*Friday, April 22. My leanness testifies against me! My soul abhors itself for its unlikeness to God, its inactivity and sluggishness. When I have done all, what an unprofitable servant am I! I groan to see the hours of the day roll away, because I do not fill them, in spirituality and heavenly-mindedness. And yet I long they should speed their pace, to hasten me to my eternal home, where I may fill up all my moments, for God and his glory.
*Tuesday, May 10. I was extremely pressed with a sense of guilt, pollution, blindness; the sins of my youth were set in order before me; they went over my head a burden, too heavy for me to bear. Almost all the actions of my life past seem to be covered over with sin and guilt; and those of them that I performed in the most conscientious manner, now fill me with shame and confusion, Oh! the pride, selfishness, ignorance, bitterness, party-zeal, and the want of love, candour, meekness, and gentleness, that have attended my attempts to promote religion; and this when I had real assistance from above, and some sweet intercourse with heaven! But, what corrupt mixtures attended my best duties!
After several weeks I found my distance from the Indians a very great disadvantage, as I was obliged to travel forward and backward almost daily on foot having no pasture in which I could keep my horse. And after all my pains, I could not be with them in the evening and morning, which were hours when they could best attend my instructions.
I therefore resolved to remove, and live with or near the Indians, that I might watch when they were at home and take that time for their instruction.
Accordingly I removed and for a time lived with them in one of their wigwams: not long after I built me a small house, where I spent the remainder of that year alone; my interpreter (who was an Indian) choosing rather to live in a wigwam among his own countrymen.

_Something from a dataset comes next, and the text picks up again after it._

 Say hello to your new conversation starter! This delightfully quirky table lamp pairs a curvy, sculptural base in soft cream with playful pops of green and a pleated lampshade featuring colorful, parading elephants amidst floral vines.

But although the difficulties of this solitary way of living are not the least, yet I can truly say the burden I felt respecting my great work among the poor Indians, the fear and concern that continually hung upon my spirit, lest they should be prejudiced against Christianity, by means of some who (although they are called Christians) had rather the Indians should remain heathens, that they may with more ease cheat them; the fear and concern I felt in these respects, were much more pressing to me, than all the difficulties that attended the circumstances of my living.
As to the state or temper of mind, in which I found these Indians, at my first coming among them, it was much more encouraging, than expected. Their prejudices against Christianity, were in a great measure removed by the long continued labours of the Rev. Mr. Sergeant among a number of the same tribe, in a place more than twenty miles distant: by which means, these were in some degree, prepared to entertain the truths of Christianity instead of objecting against them as is common with them at first. Some of them appeared well disposed toward religion, and seemed pleased with my coming among them.

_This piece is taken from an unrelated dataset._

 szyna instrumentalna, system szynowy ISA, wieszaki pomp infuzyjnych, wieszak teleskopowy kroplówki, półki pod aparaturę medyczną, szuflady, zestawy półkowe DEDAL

*Wednesday, May 18. My circumstances are such that I have no comfort, of any kind, but what I have in God. I live in the most lonesome wilderness; have but one single person to converse with, that can speak English.[¹] Most of the talk I hear, is either Highland Scotch or Indian. I have no fellow-Christian to whom I might unbosom myself, and lay open my spiritual sorrows, and with whom I might take sweet counsel about heavenly things, and join in prayer. I live poorly with regard to the comforts of life: most of my diet consists of boiled corn, and hasty pudding. I lodge on a bundle of straw, my labour is hard; and I have little appearance of success. The Indian affairs are very difficult; having no land to live on, but what the Dutch threaten to drive them from; they have no regard to the souls of the poor Indians; and they hate me, because I come to preach to them.——But that which makes all my difficulties grievous to be borne, is, that “God hides his face from me.”
[¹] This person was Mr. Brainerd’s interpreter; who was an ingenious young Indian belonging to Stockbridge, whose name was John Wauwaumpequunaunt, who had been instructed in the Christian religion by Mr. Sergeant; understood both English and Indian very well, and wrote a good hand.
[Here he had various exercises of mind; from his first coming to Kaunaumeek, till he got into his own house, a little hut that he made chiefly with his own hands, with long and hard labour. How it was with him in those dark seasons he further describes in his diary for July 2.] “My soul is, and has for a long time been in a pitieous condition, wading through a series of sorrows, of various kinds. I have been so crushed down sometimes with a sense of my meanness and infinite unworthiness, that I have been ashamed that any, even the meanest of my fellow creatures, should so much as spend a thought about me, and have wished while I have travelled among the thick brakes, to drop into everlasting oblivion. In this case, I have almost resolved never again to see any of my acquaintance; and really thought, I could not be seen or heard of any more.—Sometimes the consideration of my ignorance has been a means of my great distress and anxiety. And especially my soul has been in anguish with fear, shame and guilt, that ever I had preached, or had any thought that way.——Sometimes my soul has been in distress on feeling some particular corruptions: having at the same time, ten thousand former sins and follies presented to my view.——And these attended with such external circumstances as mine at present are; destitute of most of the conveniences of life, and I may say, of all the pleasures of it; without a friend to communicate any of my sorrows to, and sometimes without any place of retirement, where I may unburden my soul before God, which has greatly contributed to my distress.”